Iser, a board-certified preventive medicine physician with a broad background in public health, primary care, and medical education, acknowleded some remain skeptical on the effectiveness of vaccines. Only 43.7 percent of Nye County received their full COVID-19 vaccinations, compared to more than 65 percent of all Americans, underscoring the concerns of many who choose not to be vaccinated.

Many have simply resisted vaccine mandates from employers, the travel industry and others that require vaccination to return to society.

“When things are mandated, that puts resistance in the forefront of peoples’ minds,” said Iser.

But there is a certain risk that comes with not being vaccinated, he said, urging those who have not been vaccinated to reconsider.

Unvaccinated could lead to potential outbreaks

“Everyone in your community needs to be vaccinated. That’s called herd immunity, where enough people are vaccinated to maintain immunity levels so that if one or two cases come about, it doesn’t affect all of the unvaccinated,” said Iser.

The longer we go without everyone getting vaccinated, the more likely we are to have [these] outbreaks, according to Iser, who said it goes beyond the coronvirus.

Most of those infected in the 2014 measles outbreak at Disneyland were not vaccinated, Iser said.

“My biggest concern is we don’t get children up to date [on their scheduled vaccines] and that yet another outbreak will happen,” said Iser.

How is vaccine hesitancy related to COVID?

According to Iser, some distrust federal agencies tasked with overseeing public health.

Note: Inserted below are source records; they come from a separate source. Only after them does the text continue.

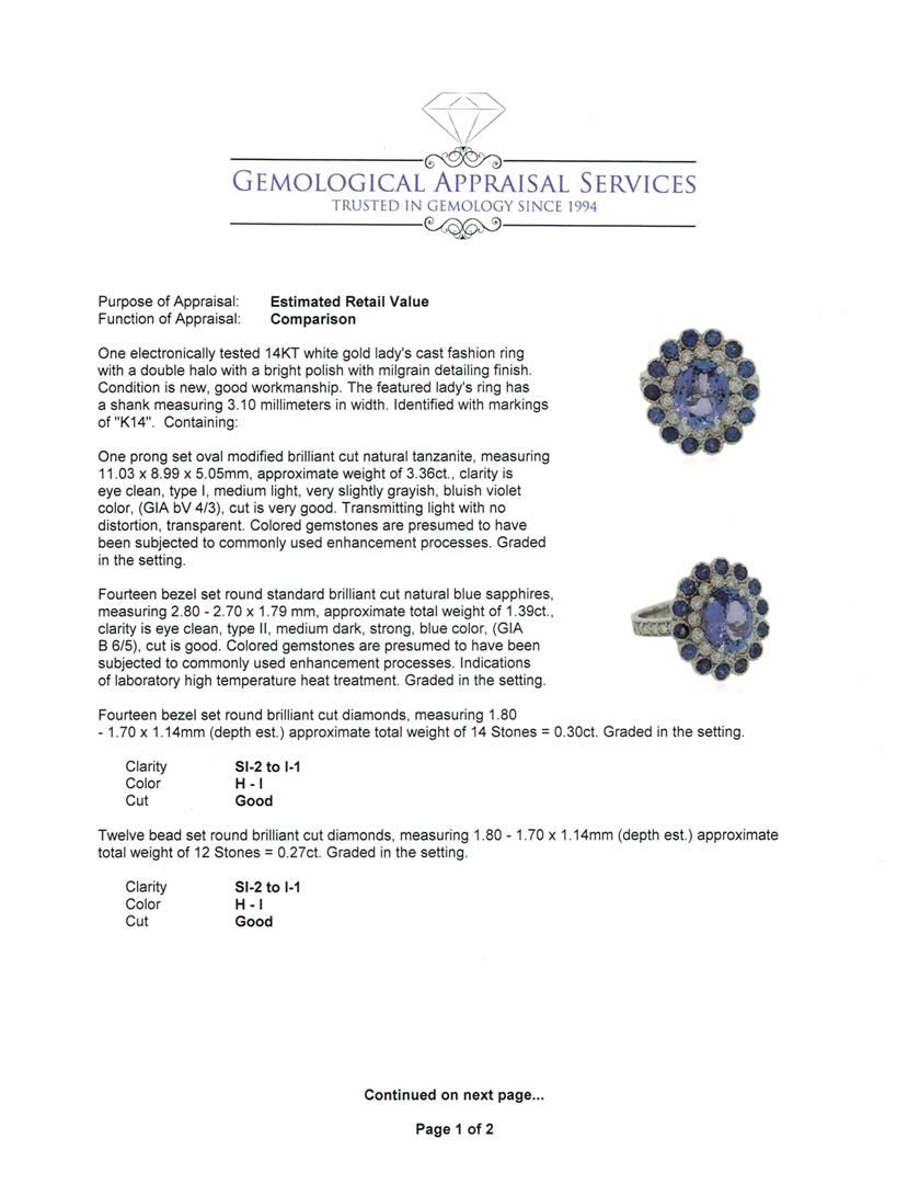 One electronically tested 14KT white gold lady's cast fashion ring with a double halo with a bright polish with milgrain detailing finish. The featured lady's ring has a shank measuring 3.10 millimeters in width. Identified with markings of "K14". Condition is new, good workmanship. Containing: One prong set oval modified brilliant cut natural tanzanite, measuring 11.03 x 8.99 x 5.05mm, approximate weight of 3.36ct., clarity is eye clean, type I, medium light, very slightly grayish, bluish violet color, (GIA bV 4/3), cut is very good. Transmitting light with no distortion, transparent. Colored gemstones are presumed to have been subjected to commonly used enhancement processes. Graded in the setting. Fourteen bezel set round standard brilliant cut natural blue sapphires, measuring 2.80 - 2.70 x 1.79 mm, approximate total weight of 1.39ct., clarity is eye clean, type II, medium dark, strong, blue color, (GIA B 6/5), cut is good. Colored gemstones are presumed to have been subjected to commonly used enhancement processes. Indications of laboratory high temperature heat treatment. Graded in the setting. Fourteen bezel set round brilliant cut diamonds, measuring 1.80 - 1.70 x 1.14mm (depth est.) approximate total weight of 14 Stones = 0.30ct. Graded in the setting. Clarity: SI-2 to I-1. Color: H - I. Cut Good Twelve bead set round brilliant cut diamonds, measuring 1.80 - 1.70 x 1.14mm (depth est.) approximate total weight of 12 Stones = 0.27ct. Graded in the setting. Clarity: SI-2 to I-1. Color: H - I. Cut Good. Total Weight of Colored Stones 4.75ct. Total Weight of Diamonds 0.57ct. Total Weight of Ring 9.10gm. GAS Appraised at $6,930.00.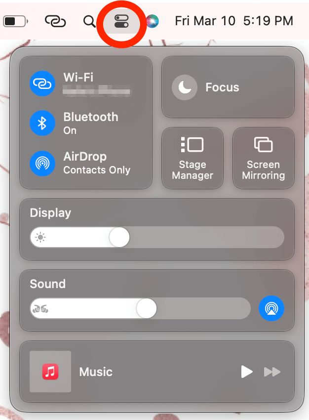 För att göra detta klickar du på kontrollcentermenyn längst upp till höger på skärmen.
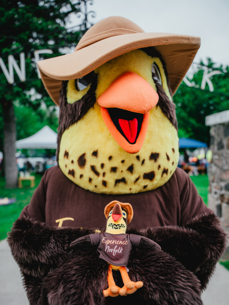 In 2025, Norfolk County Economic Development continues to spotlight Scout—a joyful, engaging, and versatile mascot that has become a symbol of the County’s identity, values, and vision. Introduced in 2024, Scout was inspired by the Canada Warbler, a native species representing Norfolk’s biodiversity and spirit of exploration. Initially launched as a small digital character, Scout has grown into a versatile tool for tourism marketing and economic development outreach, and more recently, in business retention and expansion (BR&E) efforts.

“There was one county - which I won’t name - that was going to be given a grant, a large grant, to become its own health district,” said Iser. “But they turned it down because the money was offered by the CDC.

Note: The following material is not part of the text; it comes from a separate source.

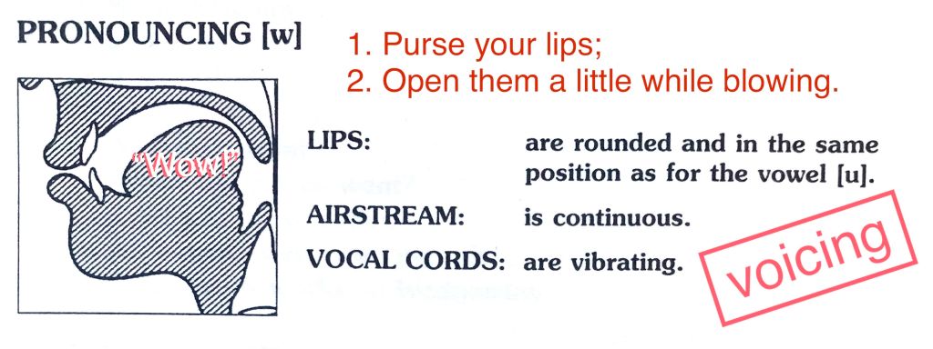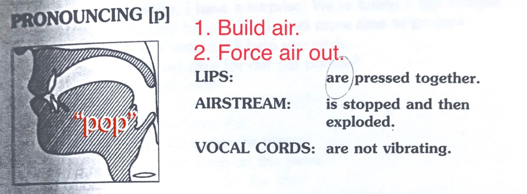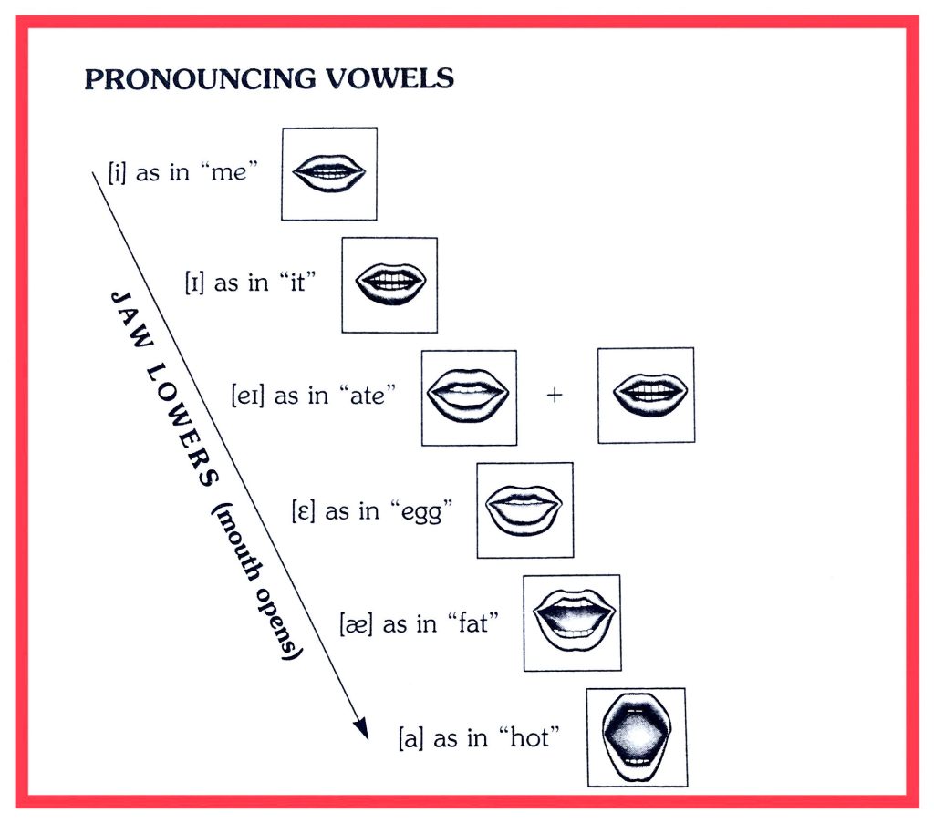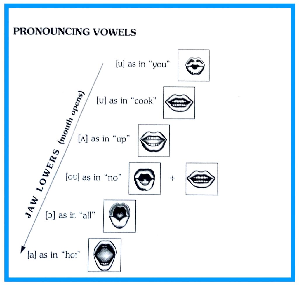 The uniform illustrations on this page have been provided with apologies and thanks to Paulette Dale and Lillian Poms from a book I started using in the 1998, in Princeton, New Jersey–at Inlingua School of Languages (see resume, references), in Korea called English Pronunciation for International Students, published by Prentice Hall. These days one can find countless pronunciation videos on You Tube, but I find a simple diagram like the ones featured here are instrumental in envisioning and remembering the placement of the tongue and the shape of the lips necessary to the pronouncement of sounds in the English language.

“The [former] head of the FDA goes on TV quite a bit. You’ll see one month she’ll say one thing, and another thing two months later — that’s being transparent,” said Iser.

Iser hopes the public understands when the head of the FDA changed her rhetoric, the science behind the virus had evolved.

“It will take time and transparency to gain back the public’s trust in vaccinations,” he said.

Getting people up to date on vaccinations

A couple of years ago, Iser received funding from the state and took his mobile services van through Nye County, including Pahrump and Tonopah. They are currently putting together a proposal to help Goldfield, and Esmeralda County where there is a lack of doctors.

“I’m hoping to get grants to accommodate those counties in getting up to date with their health needs and vaccinations,” said Iser.

He expects it will take close to six months to a year to get everybody caught up on their vaccinations.

Iser said he will do a specific county-wide assessment.

The Nevada Public Health Institute went to all of the 14 rural counties and assesed public health systems there. The agency offered help from the preventative medicine point of view about what a board of health should know and what a board of health can do.

The data for that information is expected to be released in June.